%%

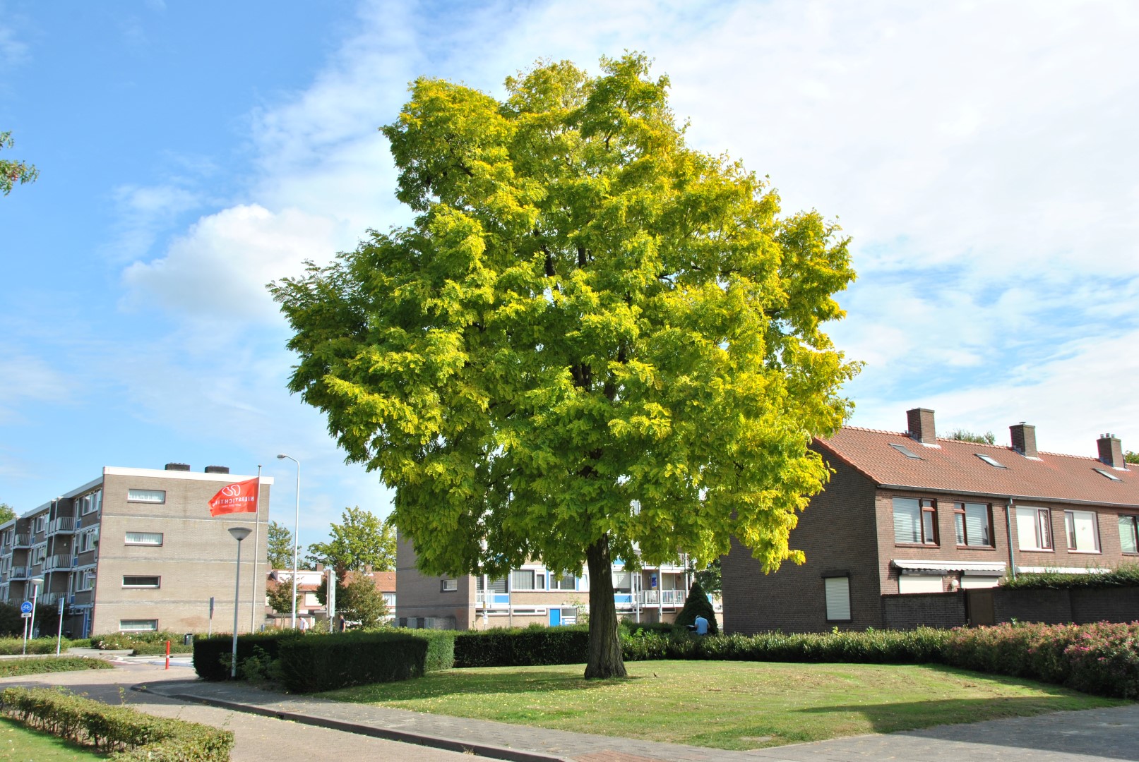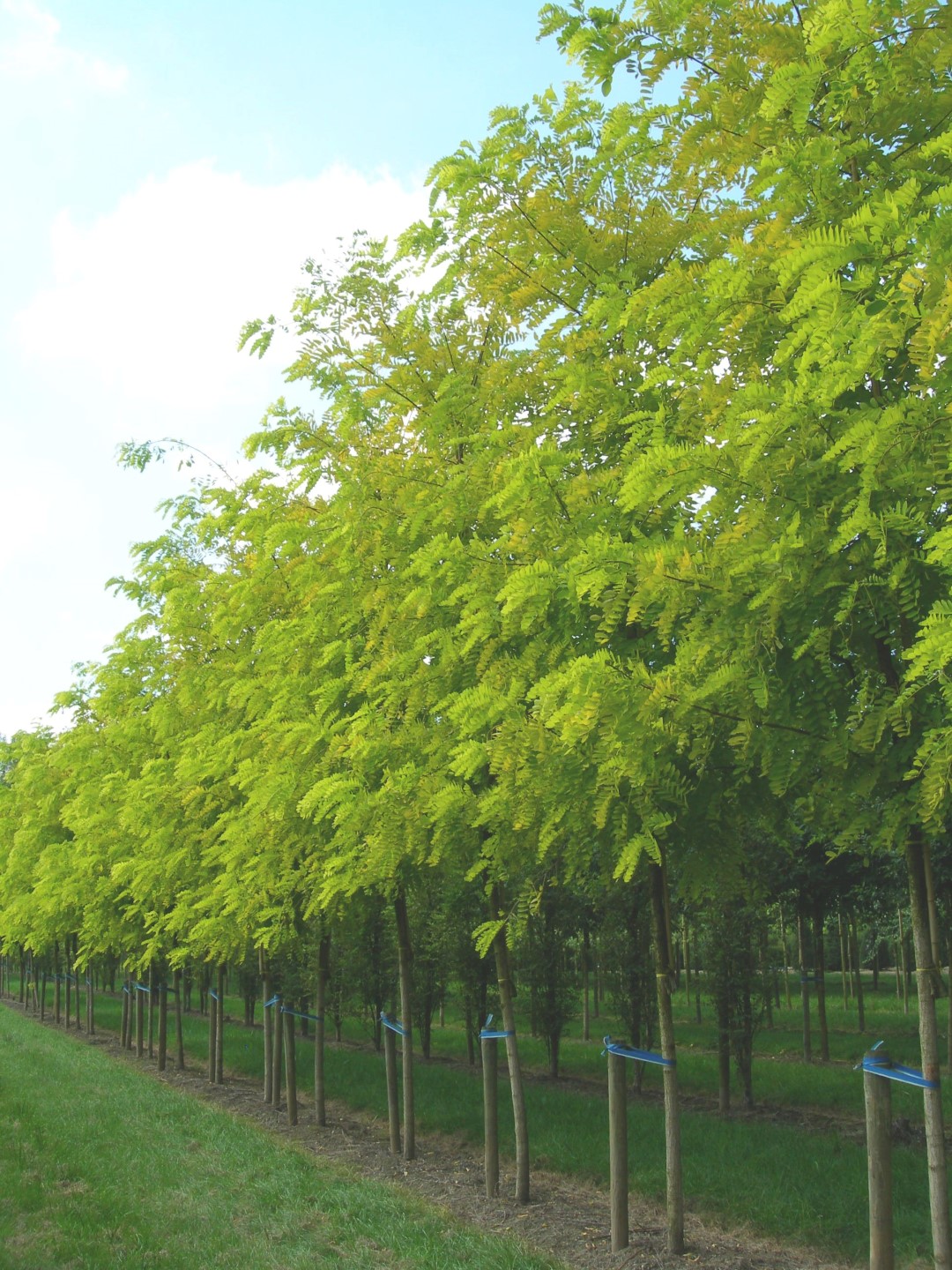 A robustly growing tree, particularly when young, with a relatively narrow, vertical manner of growth. Branches protrude later, so the crown becomes oval to round. Height 12 - 15 m, width approx. 5 - 8 m. The greyish brown bark is rough and deeply grooved. Young twigs are bright brown and have striking wine-red thorns that later turn brown. The compound leaves consist of 9 to 19 elliptical, leaf segments that are 2 – 4.5 cm in size. The leaves have an orange-yellow colour when they emerge, turn greenish yellow in summer, and deep golden yellow in the autumn. 'Frisia' leafs out late and keeps its leaves long into the autumn. Flowers and fruit only rarely appear on the tree. Grows well in light, calcareous soil, has a superficial root system. Given the tree's sensitivity to wind, it should preferably be planted in a sheltered site.
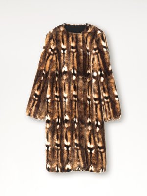 There's nothing subtle about this faux fur coat; you'll definitely stand out from the crowd while you stay warm. The plush texture and classic silhouette is glamorous without feeling stuffy. The coat features hidden hook and eye closures down the front, side pockets and an interior pocket. Regular fit Side pockets and interior pocket Hidden hook and eye closures down the front 50% polyester, 50% acrylic Dry clean only STYLE # Q67315001
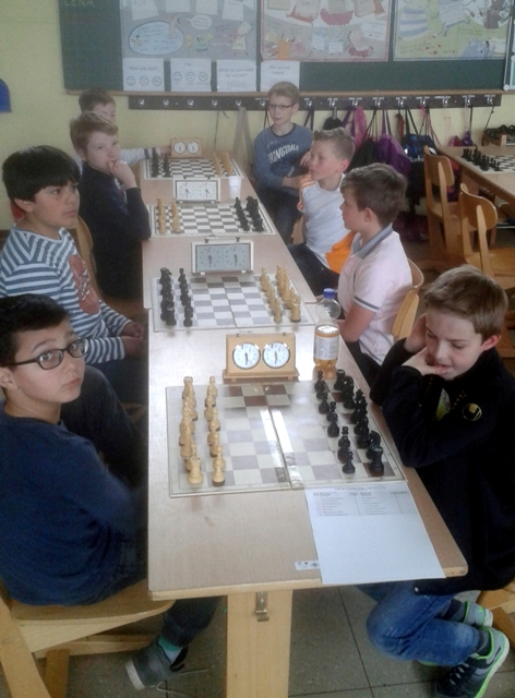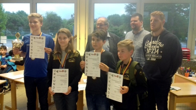 Mit zwei Mannschaften nahm unser Verein an der Jugend-Vereins-Mannschaftsmeisterschaft 2017 teil, die von den Schachfreunden Konz-Karthaus ausgerichtet wurden. In der U12 ging es für Ryan Hanson, Elias Cullmann, Lysander Grimm und Patrick Ehrlich vor allem darum, Erfahrung zu sammeln und sich für die anstehende deutsche Schulschachmeisterschaft „warm zu spielen“. Unsere vier Spieler sind alle noch in der U10 spielberechtigt, da die U12 aber die unterste Altersklasse für Jugendmannschaften ist, hatten sie es oft mit älteren Gegnern zu tun. Angesichts dieses Handicaps ist das Ergebnis – 7:7 Mannschaftspunkte und ein 8. Platz – als Erfolg zu werten. Mit 6,5 Punkten war Patrick der fleißigste Punktesammler vor Lysander (5 Punkte).
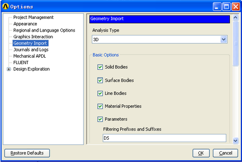 首先进入Workbench界面(不再赘述),选择Tools→Options,选中Geometry Import项,选中Parameters一栏,然后选择OK。
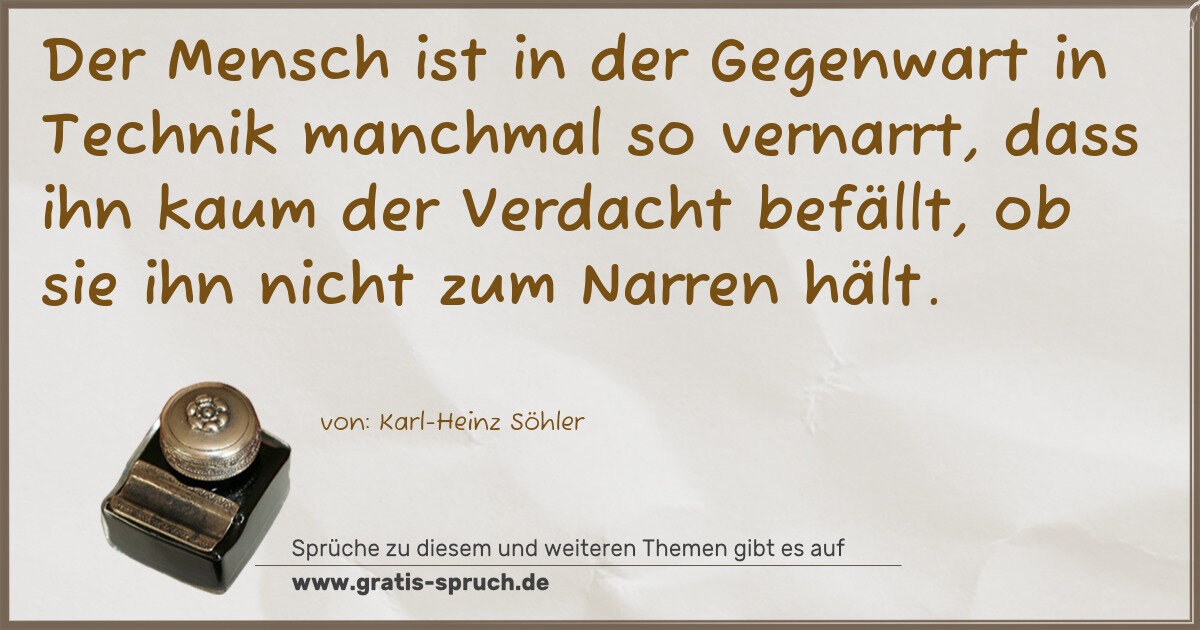 Der Mensch ist in der Gegenwart in Technik manchmal so vernarrt, dass ihn kaum der Verdacht befällt, ob sie ihn nicht zum Narren hält.
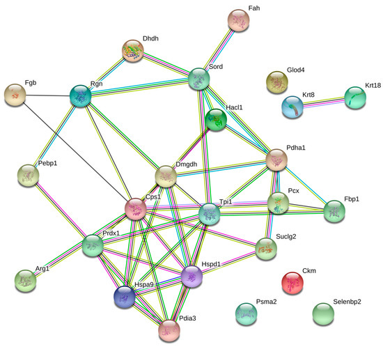 Another research group conducted a bioinformatics analysis of differentially expressed genes in the liver of patients with diabetes [45]. However, the metabolic pathways found in the study and those found by our team do not match. Differences may be due to the fact that Kutmon et al. analyzed gene expression, while we analyzed protein expression, as well as different species: humans and mice, respectively [45].

%%

• PROBLEM REQUIREMENTS: Reproduce, word for word, everything in the listing above except the pictures.

• RESULT FOR THIS TASK:
 A robustly growing tree, particularly when young, with a relatively narrow, vertical manner of growth. Branches protrude later, so the crown becomes oval to round. Height 12 - 15 m, width approx. 5 - 8 m. The greyish brown bark is rough and deeply grooved. Young twigs are bright brown and have striking wine-red thorns that later turn brown. The compound leaves consist of 9 to 19 elliptical, leaf segments that are 2 – 4.5 cm in size. The leaves have an orange-yellow colour when they emerge, turn greenish yellow in summer, and deep golden yellow in the autumn. 'Frisia' leafs out late and keeps its leaves long into the autumn. Flowers and fruit only rarely appear on the tree. Grows well in light, calcareous soil, has a superficial root system. Given the tree's sensitivity to wind, it should preferably be planted in a sheltered site.
 There's nothing subtle about this faux fur coat; you'll definitely stand out from the crowd while you stay warm. The plush texture and classic silhouette is glamorous without feeling stuffy. The coat features hidden hook and eye closures down the front, side pockets and an interior pocket. Regular fit Side pockets and interior pocket Hidden hook and eye closures down the front 50% polyester, 50% acrylic Dry clean only STYLE # Q67315001
 Mit zwei Mannschaften nahm unser Verein an der Jugend-Vereins-Mannschaftsmeisterschaft 2017 teil, die von den Schachfreunden Konz-Karthaus ausgerichtet wurden. In der U12 ging es für Ryan Hanson, Elias Cullmann, Lysander Grimm und Patrick Ehrlich vor allem darum, Erfahrung zu sammeln und sich für die anstehende deutsche Schulschachmeisterschaft „warm zu spielen“. Unsere vier Spieler sind alle noch in der U10 spielberechtigt, da die U12 aber die unterste Altersklasse für Jugendmannschaften ist, hatten sie es oft mit älteren Gegnern zu tun. Angesichts dieses Handicaps ist das Ergebnis – 7:7 Mannschaftspunkte und ein 8. Platz – als Erfolg zu werten. Mit 6,5 Punkten war Patrick der fleißigste Punktesammler vor Lysander (5 Punkte).
 首先进入Workbench界面(不再赘述),选择Tools→Options,选中Geometry Import项,选中Parameters一栏,然后选择OK。
 Der Mensch ist in der Gegenwart in Technik manchmal so vernarrt, dass ihn kaum der Verdacht befällt, ob sie ihn nicht zum Narren hält.
 Another research group conducted a bioinformatics analysis of differentially expressed genes in the liver of patients with diabetes [45]. However, the metabolic pathways found in the study and those found by our team do not match. Differences may be due to the fact that Kutmon et al. analyzed gene expression, while we analyzed protein expression, as well as different species: humans and mice, respectively [45].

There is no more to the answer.